[Opening Material provided section]
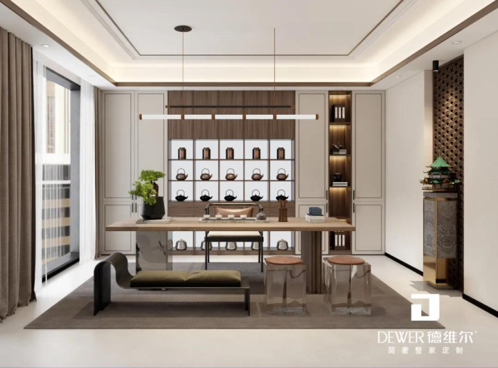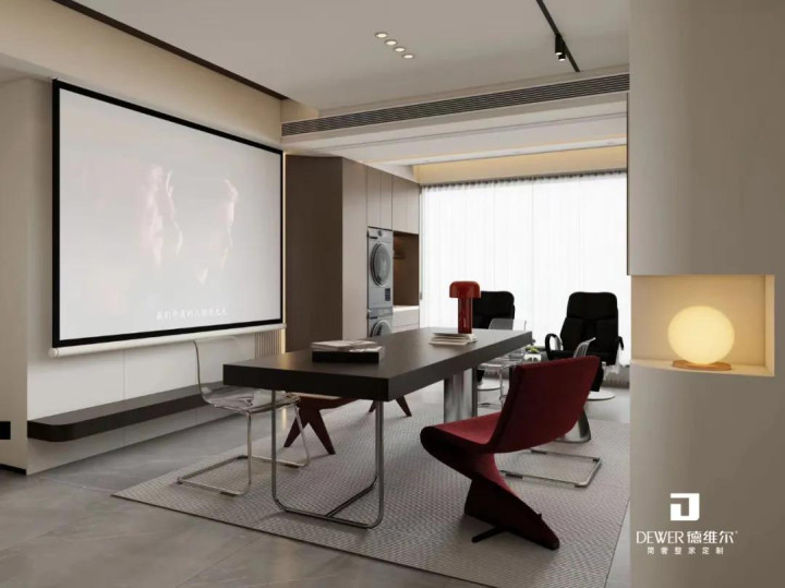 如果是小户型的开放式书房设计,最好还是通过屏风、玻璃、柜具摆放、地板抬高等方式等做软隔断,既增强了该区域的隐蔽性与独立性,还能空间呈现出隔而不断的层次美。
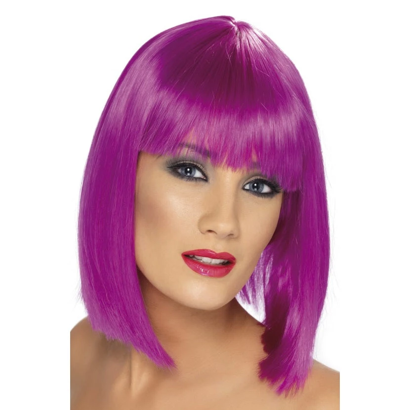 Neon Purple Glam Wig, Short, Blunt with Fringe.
[Closing Material provided section]
[Opening Material provided section]
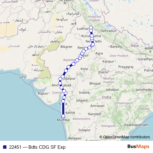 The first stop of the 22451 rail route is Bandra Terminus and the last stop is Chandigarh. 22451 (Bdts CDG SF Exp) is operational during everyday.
[Closing Material provided section]
→ Work item
Excluding any pictures, print exactly the lines of the listing above from the line with "如果是小户型的开放式书房设计" to the line with "Neon Purple Glam", both ends included.

→ Exercise response
 如果是小户型的开放式书房设计,最好还是通过屏风、玻璃、柜具摆放、地板抬高等方式等做软隔断,既增强了该区域的隐蔽性与独立性,还能空间呈现出隔而不断的层次美。
 Neon Purple Glam Wig, Short, Blunt with Fringe.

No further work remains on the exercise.